The task force report, in the works for 18 months, comes on the heels of a widespread fish kill in the bay in early August. High water temperatures and pollution drove down oxygen levels that left the western shores of the Tuttle Basin littered with dead fish.

The fish kill grabbed headlines and led to renewed calls to fix pollution problems just two years after a seagrass die-off in the basin wiped out more than 70 percent of the meadows that help clean water and produce oxygen.

“It is really very sad that it took this extremely upsetting death of thousands of sea creatures...to finally take action,” said Commissioner Daniella Levine Cava.

In 2018, after the seagrass die-off, Levine Cava asked county environmental staff to produce an annual report card on the bay’s health, modeled on reports produced for other troubled bays. Commissioner Rebeca Sosa also asked for a report on leaky septic tanks that have been linked to pollution. Neither have been completed.

A 2016 map shows the location of active septic tanks around Biscayne and the areas, in yellow, where water is polluted.
Miami-Dade County Division of Environmental Resources Management
A 2016 map shows the location of active septic tanks around Biscayne and the areas, in yellow, where water is polluted.

Division Chief Lee Hefty blamed the delays on the heavy workload for the county’s small environmental staff.

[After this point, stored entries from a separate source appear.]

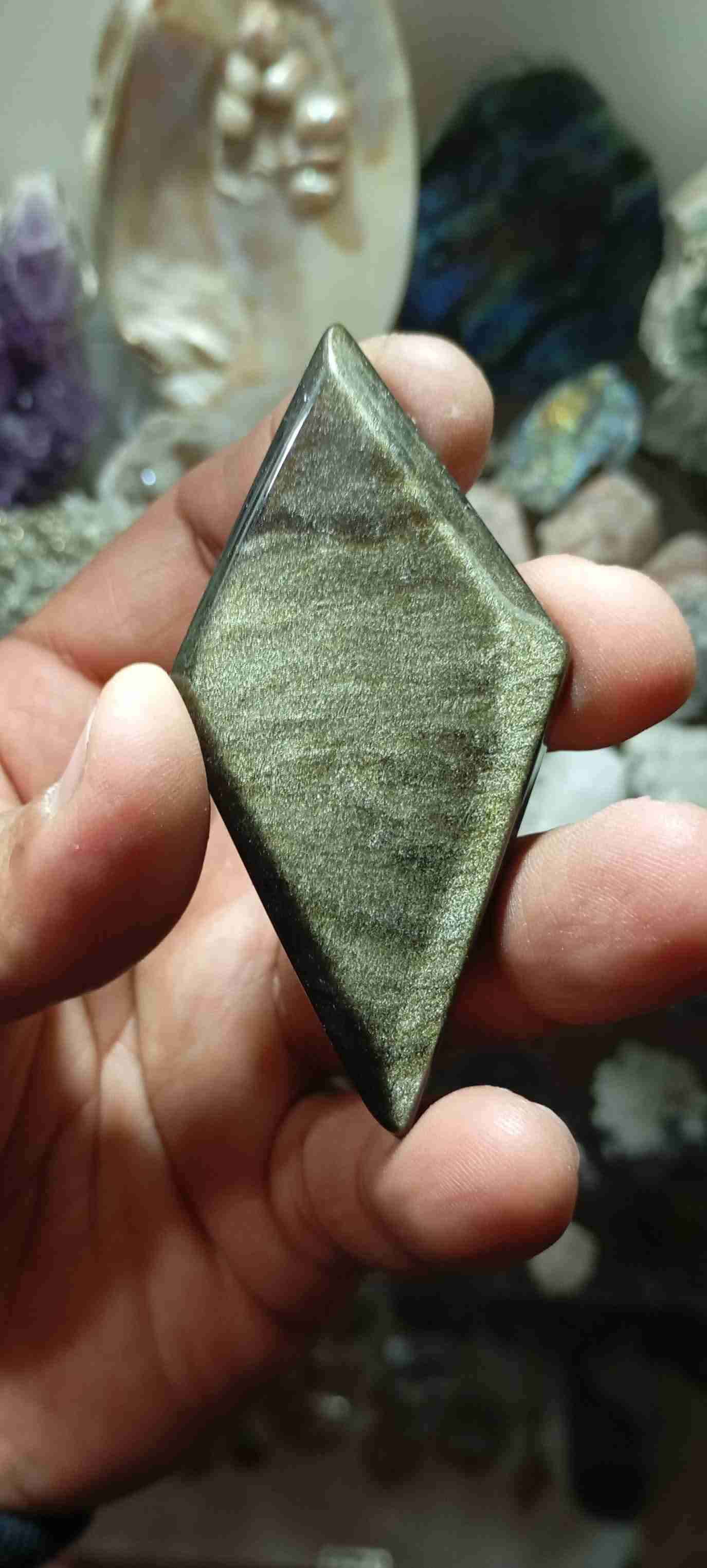 Bello lote de minerales en venta, consta de 5 piezas: -Rombo de obsidiana dorada. -Shunguita con pirita. -Espato de Islandia o calcita óptica. -Malaquita brotoidal con calcedonia. -Amatista bolivianita.
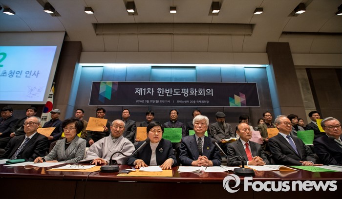 (서울=포커스뉴스) 정현백 민족화해협력범국민협의회 의장이 21일 오전 서울 중구 프레스센터 국제회의장에서 열린 '제1차 한반도평화회의'에 참석해 발언 하고 있다.
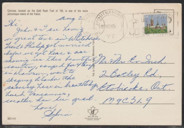 A ChromeEra colour postcard showing Carcross, Yukon Territory, used 1985 Whitehorse to Etobicoke, Ont some light corner bendsCanadian buyers - I pay the GST/HST for you.
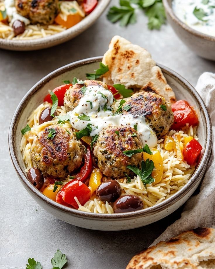 Juicy herb-loaded turkey meatballs baked until golden, served over fluffy lemony orzo, and topped with a dreamy whipped feta yogurt sauce. It’s refreshing, protein-packed, and perfect for lunch, dinner, or meal prep.

These are the same people that are involved with collecting water quality samples, trying to design new water quality monitoring projects. They were very busy also working on the task force,” he said, adding that he’d also asked the staff to revise work. “I sent it back to them to make it better. And so I’m the one that's going to take the criticism for how late it's been.”

In addition to a bay chief, commissioners asked Mayor Carlos Gimenez to come up with a plan for implementing the task force recommendations that try to tackle water quality issues that have dogged the bay for decades. One fix would set new limits for how much pollution can be loaded into the bay, which may require costly fixes to leaking septic systems and sewer pipes.